No obstante, los dos fenómenos anteriores no son sino un síntoma de un arte que ha pérdido su público. Un público masivo, como en el pasado, en que se utilizaba como medio de comunicación y propaganda, o restringido a una clase social, la burguesía, que tiene la educación para entenderlo, de ahí que el arte de las vanguardias históricas siempre beba del pasado, y el dinero para comprado. Un arte, por tanto, que ya no tiene el poder de escandalizar a nadie, porque no importa a nadie, ni de provocar airadas reacciones, puesto que no puede cambiar nada.

Excepto cuando entra en la ecuación el dinero que se ha utilizado en su elaboración y entonces se critica que tanto o cuanto se haya gastado en esas majaderías. De repente, el arte no es algo extra, suplementario, inútil por naturaleza, que sirva para nuestro placer espiritual o como acicate intelectual. Ahora el arte es una mercancía más y su valor está estrechamente ligado a su precio, de forma que, como bien señala Hughes, ya no es posible mirar a las obras del pasado de forma inocente, sino que siempre interferirá la última cotización alcanzada en el mercado, que es la que le otorga su puesto en la jerarquía del arte...y que sirve de baremo para todos esos visitantes de los templos/museos que deben justificarse de alguna manera que lo que han visto vale la pena.

Lightning Field, Walter de Maria

¿Entonces qué? Podría pensarse que la conclusión es extramadamente pesimista, que hacia 1980, Hughes no sólo había señalado la muerte del modernismo, sino la muerte del arte.

Nada más lejos. Porque la única profecía que puede hacerse es que todas las profecías estarán equivocadas. Y si algo curiosamente destacó al arte modernista es que fue realizado por solitarios, que a pesar de todo, no era un arte dedicado a la masa o realizado por la masa, sino un canal personal entre artista y espectador, por muy disparatadas o extremadas que fueran sus creaciones.

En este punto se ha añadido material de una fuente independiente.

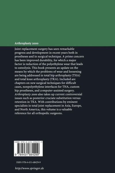 Joint replacement surgery has seen remarkable progress and development in recent years both in prostheses and in surgical technique. A prime concern has been improved durability, for which a major factor is reduction of the polyethylene wear that leads to osteolysis. This book presents an update on the means by which the problems of wear and loosening are being addressed in total hip arthroplasty (THA) and total knee arthroplasty (TKA). Included are chapters on new surgical techniques for difficult cases, nonpolyethylene interfaces for THA, custom hip prostheses, and computer-assisted surgery. Arthroplasty 2000 also takes up current controversial issues such as posterior cruciate substitution versus retention in TKA. With contributions by eminent specialists in total joint replacement in Asia, Europe, and North America, this volume is a valuable reference for all orthopedic surgeons.
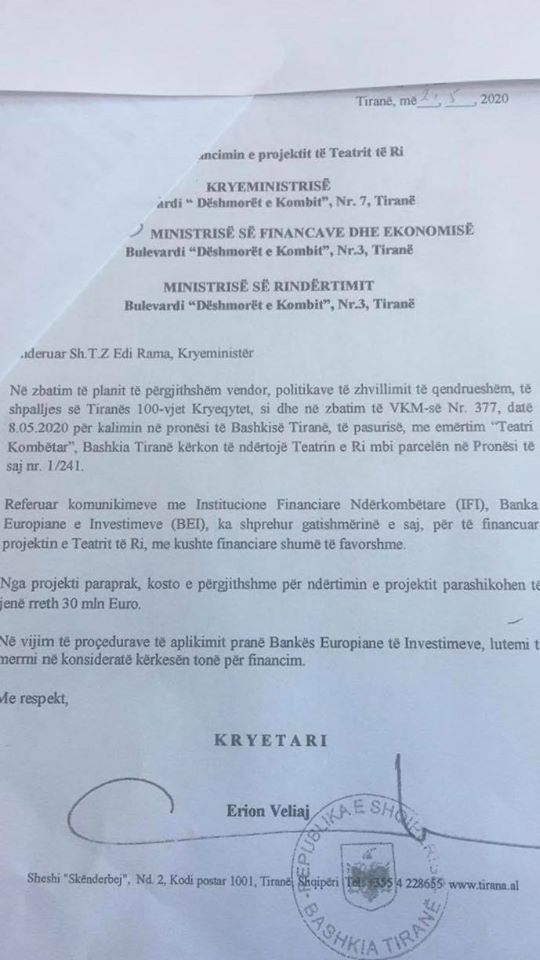 Partia Demokratike, nëpërmjet ish deputetes Jorida Tabaku, ka bërë me dije sot se ka zbuluar një dokument, sipas të cilit, Erion Veliaj, Kryetar i Bashkisë së Tiranës, do të marrë 30 milionë euro kredi për projektin e kompanisë Fusha për teatrin. Sipas ish deputetes Tabaku, në një kohë krize të thellë, kryebashkiaku do të shtojë më shumë borxhin e shqiptarëve. Ajo tha se Veliaj është “njeriu që duhet të largohet një orë e më parë nga kryebashkiaku për tu hetuar nga Prokuroria për shkeljet ligjore”.

O lo que es lo mismo que no importaba el tamaño del público al que fuera dirigido o el valor que alcanzase, mientras alguien se sintiese emocionado, sobrecogido al verlo, fuera por la razón que fuera, pudiésemos racionalizarlo de alguna manera u otra.

Lo cual podría explicar muchas de las manifestaciones de ese modernismo agonizante de los 70, que recoge Hughes, en este episodio, como el Land Art, el Body Art, los Happenings, el OpArt que buscaban romper esos impedimentos, esas perversiones y círculos viciosos comentados anteriormente, para devolvernos esa experiencia pura y renovada, como la de antaño.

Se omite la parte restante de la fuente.